List of witnesses—Notice of the day of trial, reasonably sufficient to enable the parties to attend with their witnesses, should be given before hand. It is the business of the parties to take all reasonable steps to have their witnesses present in Court on the day fixed. The Court should, on application and deposit of process-fees and other necessary expenses, issue the requisite summonses as soon as possible so as to secure their attendance on the date fixed for hearing.
A list of witnesses must be filed by a party in Court before the actual commencement of the hearing of the evidence on his behalf, and no party who has begun to call his witnesses shall be entitled to obtain processes to enforce the attendance of any witness against whom process has not been previously issued or to produce any witness not named in the list without an order of the Court made in writing and stating the reasons therefor (Order XVI, Rule 1, as amended by the High Court).
Statement of case—The trial should begin by the party having the right to begin (Order XVIII, Rule 2, of the Code) stating his case, and giving the substance of the facts which he proposes to establish by his evidence. The case thus stated ought to be reasonably in accord with the party‘s pleadings, because no litigant can be allowed to make at the trial a case materially and substantially different from that which he has placed on record, and which his adversary is prepared to meet. The procedure laid down in the aforesaid rule is often neglected by Courts, but it is highly useful and should be invariably followed.
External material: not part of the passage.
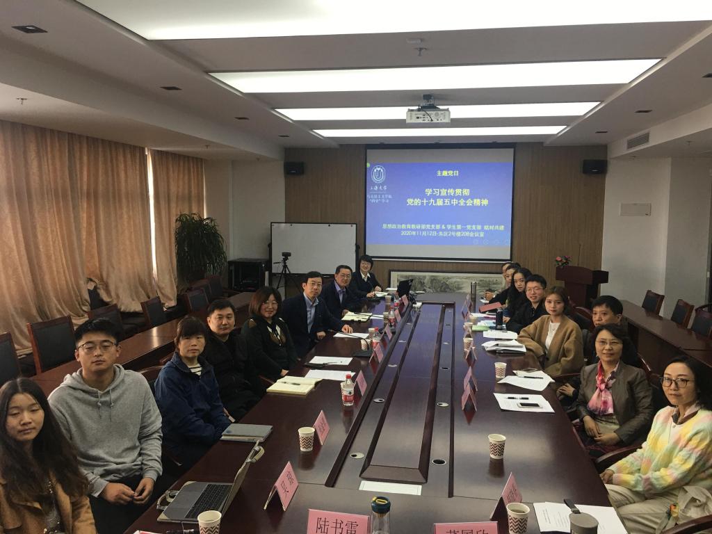 紧接着,杨秀君教授解读了党的十九届五中全会精神。通过回顾决胜全面建成小康社会取得的决定性成就,剖析了我国发展环境面临的深刻复杂变化,到2035年要实现的远景目标,“十四五”时期经济社会发展的主要目标,实现奋斗目标的具体举措等方面进行论述。并指出全党同志只有更加紧密地团结在以习近平同志为核心的党中央周围,在各自岗位上苦干实干、顽强奋斗,一定能战胜“拦路虎”、跨过“绊脚石”,不断推动中国特色社会主义事业大步向前。 随后,参会各位师生党员进行了交流分享。大家纷纷表达了自己对十九届五中全会精神的理解,分享了自己的体悟。 卢吉超表示:两个支部开展结对共建,是强强联合、携手合作共赢的战略举措。期望思想政治教育教研部党支部带领学生第一党支部砥砺拼搏、共创佳绩。 孙士庆指出:基于发展不平衡不充分问题仍然突出的现实考量,全会明确提出以推动高质量发展为主题,对实现高质量发展作出战略部署。坚持“国内大循环为主体、国内国际双循环相互促进”成为我国“十四五规划”和“2035远景目标”的关键政策指引。 陈研心提到:面对国际国内发展的形势,我们要辩证认识和把握国内外大势,认识到错综复杂的国际环境带来的新矛盾新挑战,在党的十九届五中全会精神指引下,我们党员同志发挥好带头作用,善于在危机中育先机、于变局中开新局。焦娇谈到:40多年改革开放的辉煌成就、新中国成立70多年创造的两大奇迹以及中国共产党近百年奋斗的光辉历程,就是十三个五年规划的现实写照,是我们党的初心使命的生动实践。胡孝锴认为:“十三五”胜利在望,“十四五”起步在即。全党要把五中全会精神转化为强大的政治动力和精神动力,以只争朝夕的干劲,奋力书写新时代中国共产党人的优秀答卷。郝玲玲表示:要不断提升学术能力,练就过硬本领,同时锤炼自身的品德修养,做德才兼备知行合一的新时代青年,在学思践悟中坚定自身的理想信念。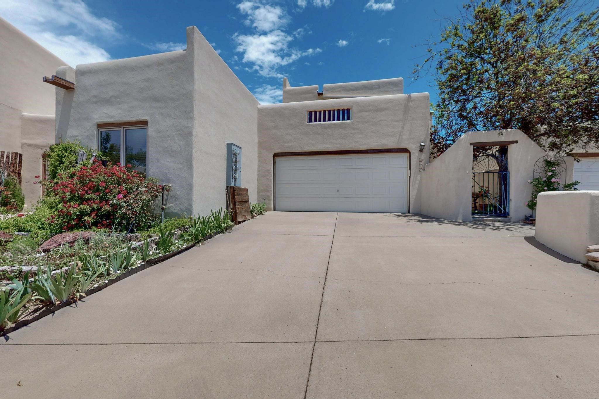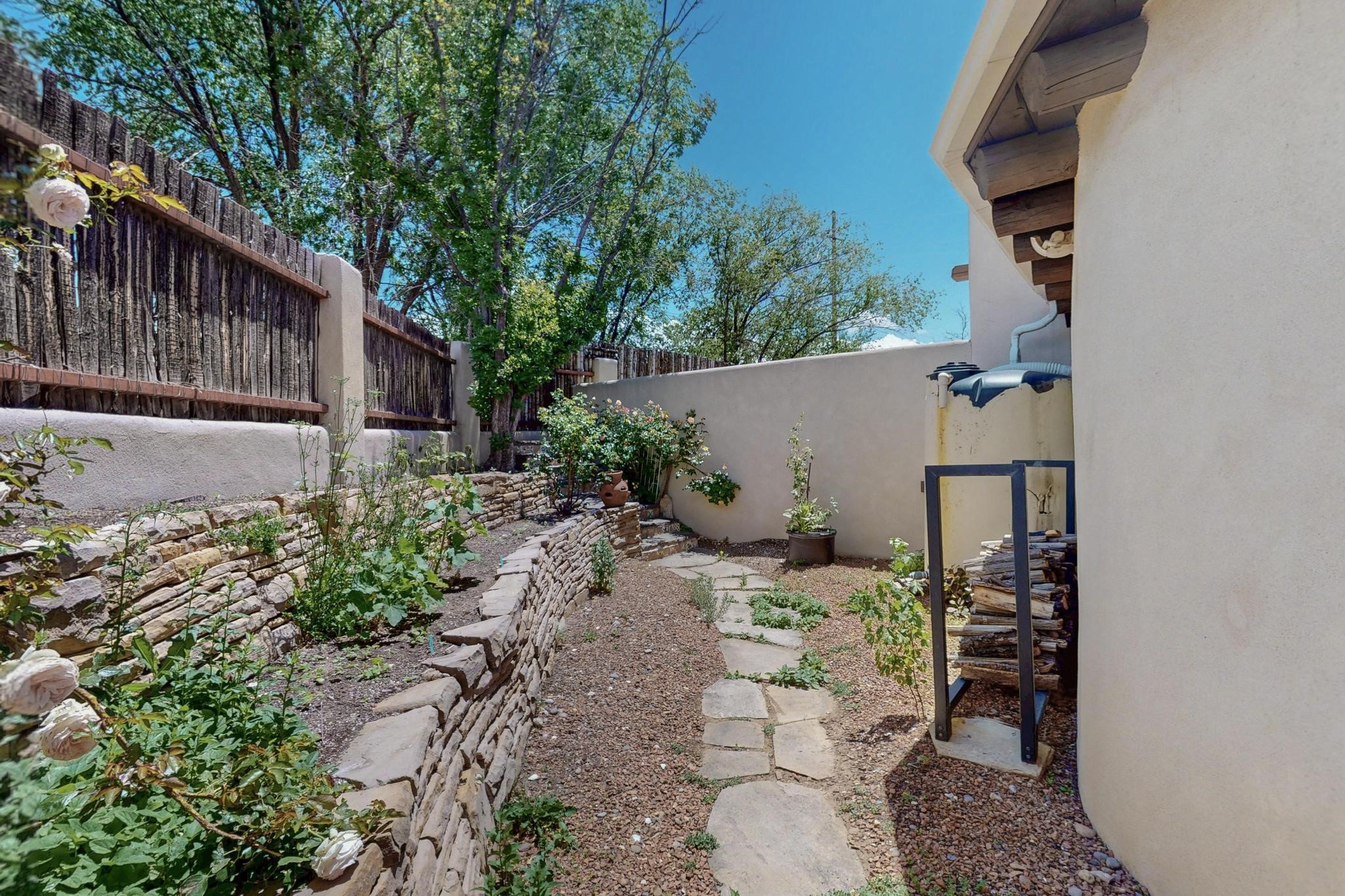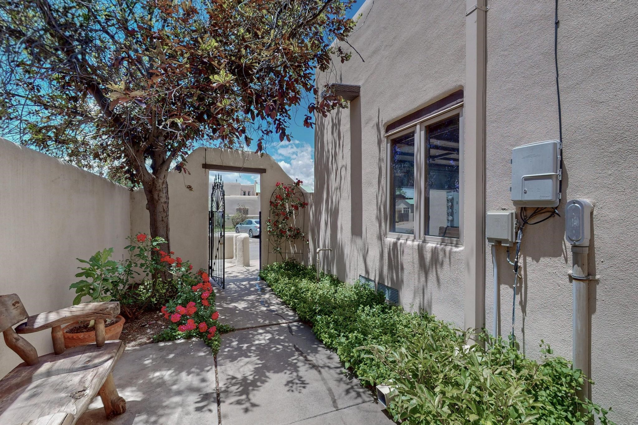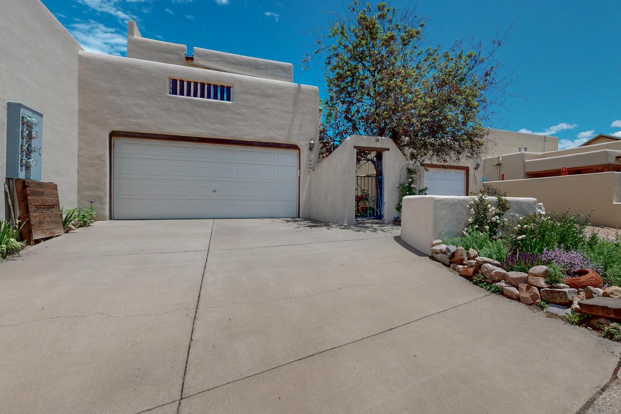 This charming Santa Fe home blends classic Southwestern character with thoughtful modern updates. A standout feature is the large room addition at the back, a true showpiece with traditional vigas, an elaborate built-in banco, oversized tile flooring, and a striking kiva fireplace. This spacious and versatile area can serve as a second living room, a creative studio, or an entertainment space. The home also boasts new kitchen appliances, radiant heat floors for cozy winter living, and two kiva fireplaces that add warmth and Southwestern charm. Two upstairs decks extend from each bedroom, providing private outdoor spaces perfect for relaxation. The interior has been freshly painted, giving the home a clean, move-in ready feel. The lush, colorful garden is complemented by a cistern system, offering an eco-friendly solution for watering. This home invites both comfort and functionality, with Santa Fe style at its core.

Examination-in-chief—In the examination of witnesses questions ought not to be put in a leading form, nor in such a form as to induce a witness, other than an expert, to state a conclusion of his reasoning, an impression of fact, or a matter of belief. The question should be directed to elicit from him facts which he actually saw, heard or perceived within the meaning of Section 60 of the Indian Evidence Act. The questions should be simple, should be put one by one and should be framed so as to elicit from the witness, as nearly as may be in chronological order, all the material facts to which he can speak of his own personal knowledge. A general request to a witness to tell what he knows or to state the facts of the case, should, as a rule, not be allowed, because it gives an opening for a prepared story. Where the party calling witnesses is not aided by counsel, and is unable himself to properly examine his witnesses he may be asked to suggest questions and the examination may be conducted by the Court.
- Cross-examination—When the examination-in-chief is concluded the opposite side should be allowed to cross-examine the writing or, if unable to do so, to suggest questions to be put by the Court. In cross-examination leading questions are permissible.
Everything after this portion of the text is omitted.